Start of Block

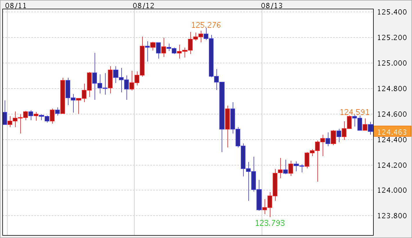 海外市場は、1ドル=123.70〜124.80円台で1円幅での急落となりました。欧州市場では、東京市場の流れをそのままに、中国のドル売り介入が意識されて軟調な値動きが続きました。NY市場に入ると、中国への依存度の高い企業の株が売られたこともあり、NYダウが大幅下落となって釣られる形でドル・円も下押され安値をつけました。
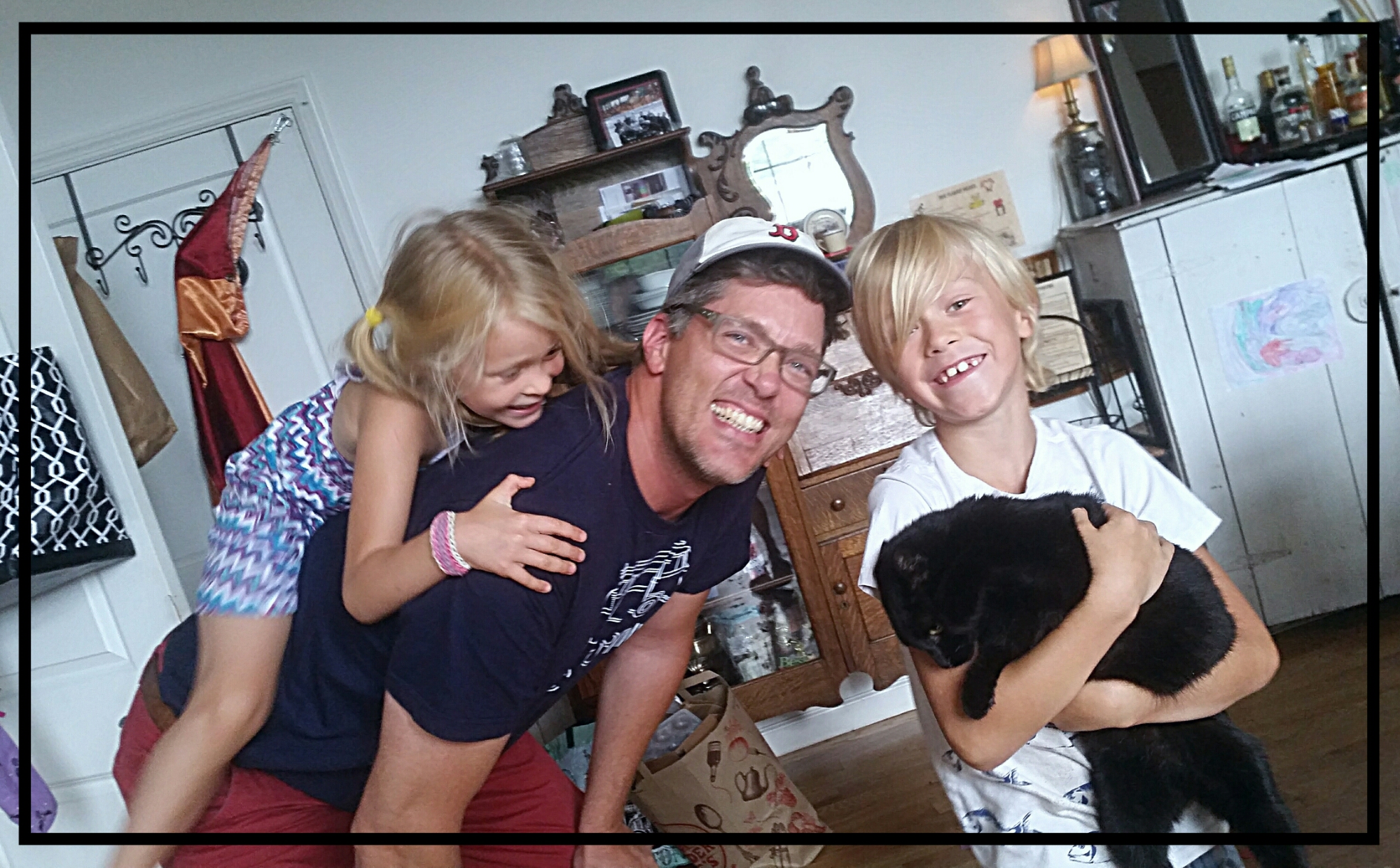 Afterwards he came home to a (somewhat) clean home which we immediately started littering again with the home made confetti the children made specially for the occasion. In celebration they also set about littering his body with their own bodies (see above).
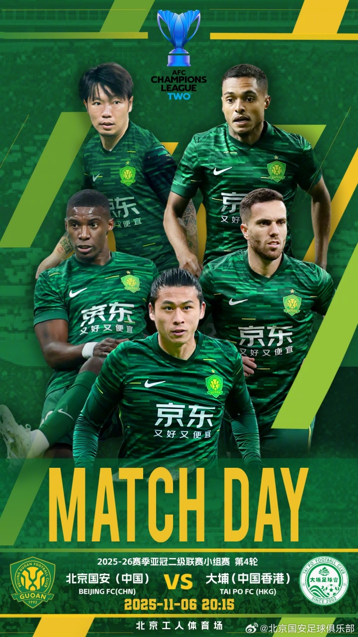 11月06日讯 北京时间今晚20点15分,亚冠二级小组赛E组第4轮,北京国安主场迎战中国香港球队大埔,赛前两边公布首发威望。
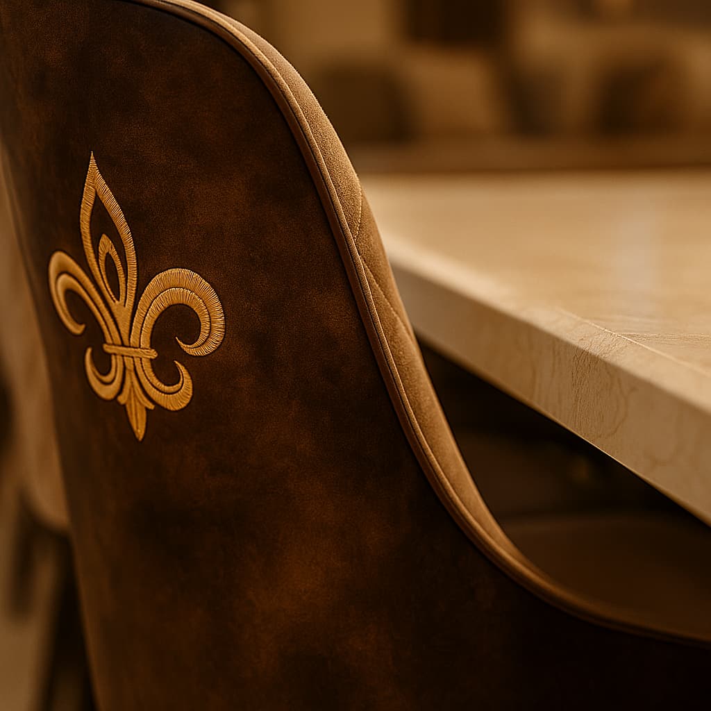 The rich coffee-brown royal chair with emblem detailing adds a premium touch, making this set a true centerpiece for any dining space.
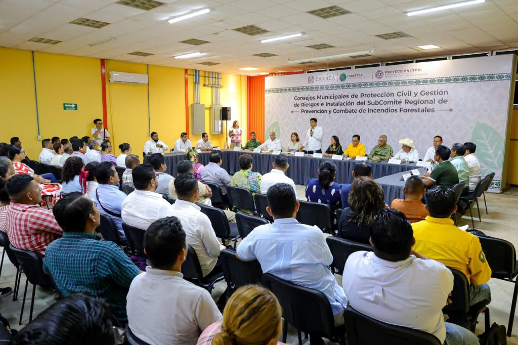 Juchitán de Zaragoza, Oax. 22 de marzo de 2024.- Con la presencia de autoridades federales, estatales y municipales se instaló el Subcomité Regional de Prevención y Combate de Incendios Forestales, así como los Consejos Municipales de Protección Civil y Gestión de Riegos de la región del Istmo de Tehuantepec.
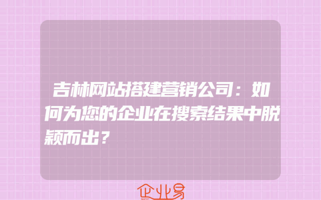 - 吉林网站搭建营销公司:如何为您的企业在搜索结果中脱颖而出?
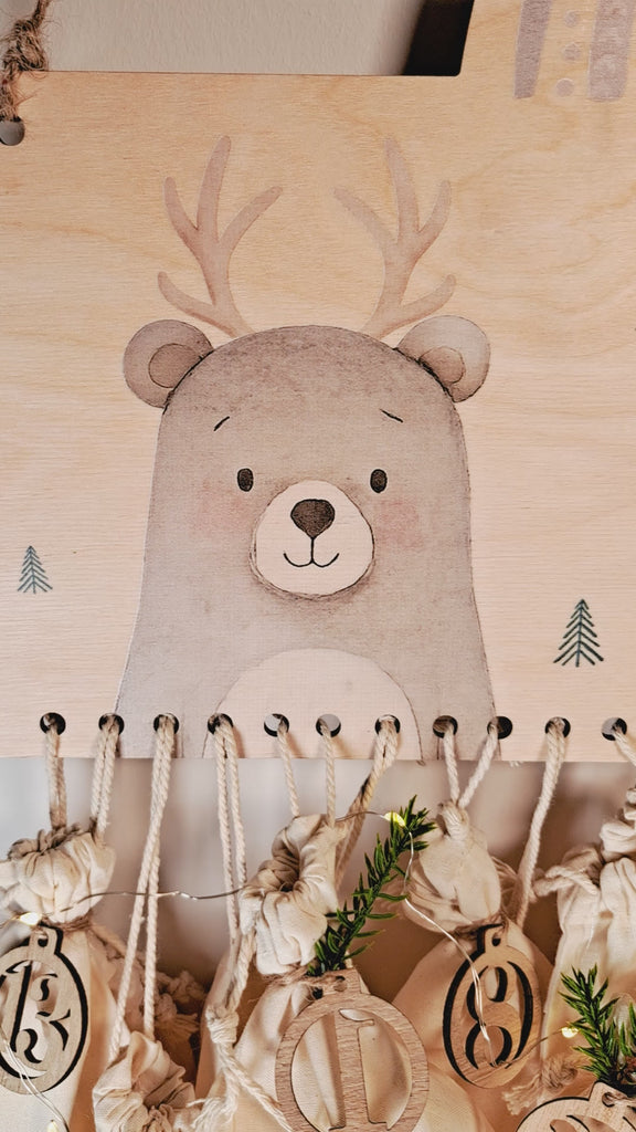 • Nur Adventskalender (Holzschild): Perfekt, wenn ihr Säckchen schon habt und eure eigene Optik umsetzen möchtet.
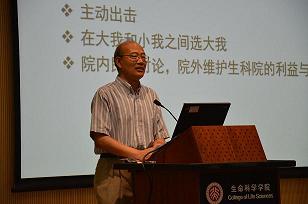 9月3日上午,冰球突破mg正规官网在金光生命科学大楼邓祐才报告厅召开全院教职工大会,宣布冰球突破mg正规官网关于学院新一届行政领导班子的任命决定。王恩哥校长出席会议并讲话。翟中和院士、朱作言院士、赵进东院士、朱玉贤院士等冰球突破mg正规官网教职工约70人参加了会议。会议由学院党委书记柴真主持。
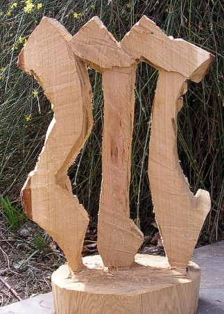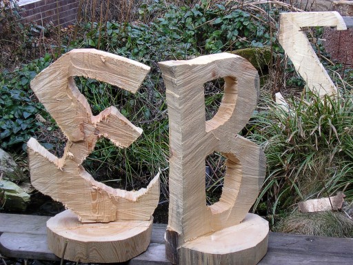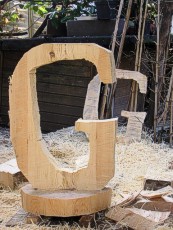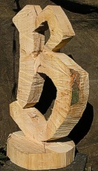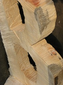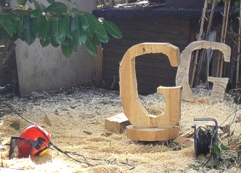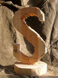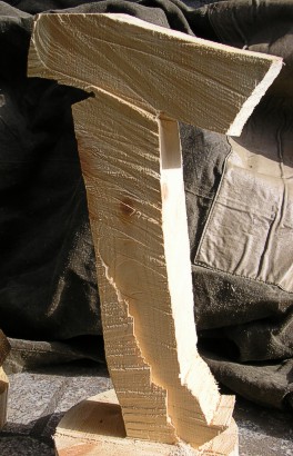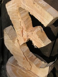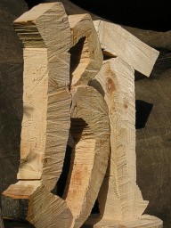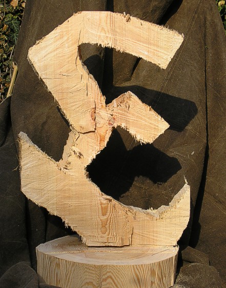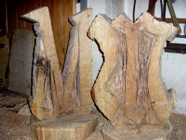 Ich bekomme jede Menge "kurzes Holz" und somit Sollbruchstellen - kaum zu vermeiden. Der G-Kopf wird wohl irgendwann abbrechen und repariert werden müssen. Das frische Holz ist so feucht, dass mir beim Sägen des Splintholzes der Strobe regelrecht Tropfen ins Gesicht sprühen. Auch bei langsamem Trocknen an einem luftigen Platz draußen bilden sich erste Trockenrisse um den Kern. Ich lerne, dass ich das Reißen günstig beeinflussen kann, wenn ich das Holz um den Kernbereich herum mit Ponal versiegele. Im Prinzip ist nichts gegen Risse einzuwenden, das Holz darf arbeiten und "leben". Die abgebrochenen Teile werden mit Dübeln und Leim wieder befestigt. Der Buchstabe verändert sich also auch nach der eigentlichen Gestaltungsarbeit. Er gestaltet sich selbst weiter. Die Risse werden immer tiefer, Teile sind unverhohlen wieder angeleimt. So bekommt jede Skulptur einen speziellen Charakter, der von Wachstum und Versehrtheit zeichnet. Körper, die ihre Wunden nicht verbergen können, die fragmentiert oder notdürftig repariert sind. Die nicht so tun, als wäre das Leben ein ewig andauernder Schönheitswettbewerb.

End of Block

Going by the data above, the answer is exactly the lines from the one holding "- 吉林网站搭建营销公司:如何为您的企业在搜索结果中脱颖而出?" to the one holding "9月3日上午,冰球突破mg正", both kept, with the pictures left out.

 - 吉林网站搭建营销公司:如何为您的企业在搜索结果中脱颖而出?
 • Nur Adventskalender (Holzschild): Perfekt, wenn ihr Säckchen schon habt und eure eigene Optik umsetzen möchtet.
 9月3日上午,冰球突破mg正规官网在金光生命科学大楼邓祐才报告厅召开全院教职工大会,宣布冰球突破mg正规官网关于学院新一届行政领导班子的任命决定。王恩哥校长出席会议并讲话。翟中和院士、朱作言院士、赵进东院士、朱玉贤院士等冰球突破mg正规官网教职工约70人参加了会议。会议由学院党委书记柴真主持。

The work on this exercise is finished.